Scritto nel 1882 – ovvero 8 anni dopo il primo grande capolavoro, Via dalla pazza folla, e 9 anni prima del secondo grande romanzo, Tess dei d’UrbervilleDue sulla torre è “minore” solo per via della portata storica di quei due libri e di Jude l’oscuro, le tre opere che hanno consegnato Hardy all’olimpo della letteratura internazionale.

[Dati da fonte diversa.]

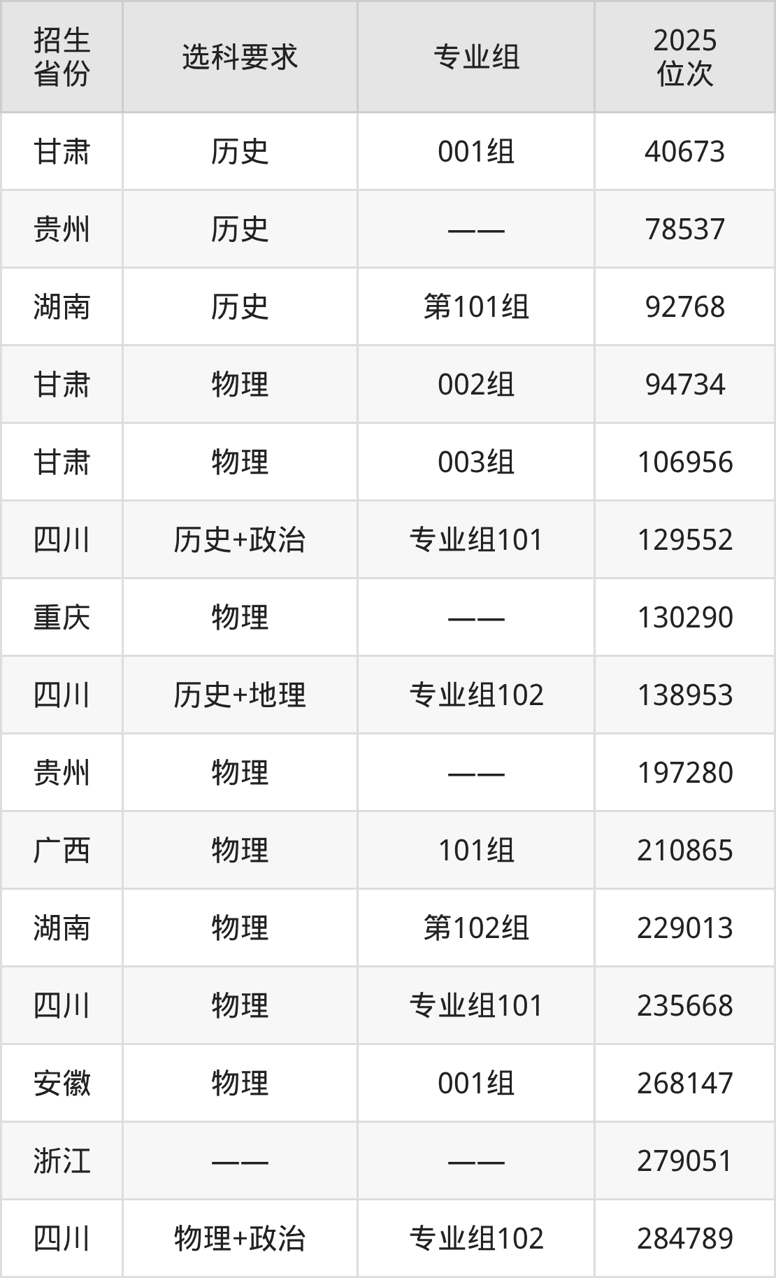 昆明工業(yè)職業(yè)技術(shù)學(xué)院2025年在全國各省的位次差異較大,最高位次是40673位(甘肅歷史類)、最低位次是284789位(四川物理類)。各省具體位次請看下圖:

Animato dalla consueta forza di personaggi sorpresi nel costante dilemma etico nel quale l’autore pare divertirsi a catapultarli, descrivendo così la fragilità dell’uomo comune senza mai cadere nella rappresentazione caricaturale, Due sulla torre è certamente figlio del suo tempo, senza risultare quasi mai datato. Personaggi credibili, dunque, ma soprattutto trame sempre sorprendenti. Il tutto condito da quell’eleganza formale che solo un autore che si considerava poeta per vocazione e prosatore per necessità avrebbe potuto mettere in campo. Un esempio? L’impressione che Lady Constantine ha del suo giovane spasimante. “…quel ragazzo di stupefacente bellezza… aveva fatto studi scientifici e aveva modi raffinati… La situazione acquisiva ulteriore fascino dal fatto che quello stesso giovane così vulnerabile all’adulazione, alle blandizie, al piacere e perfino alla grossolana prosperità, al momento dovesse vivere in un Eden primitivo e incosciente e avere degli per raggiungere i quali erano inutili tanto un aspetto mostruoso quanto la sua bellezza.”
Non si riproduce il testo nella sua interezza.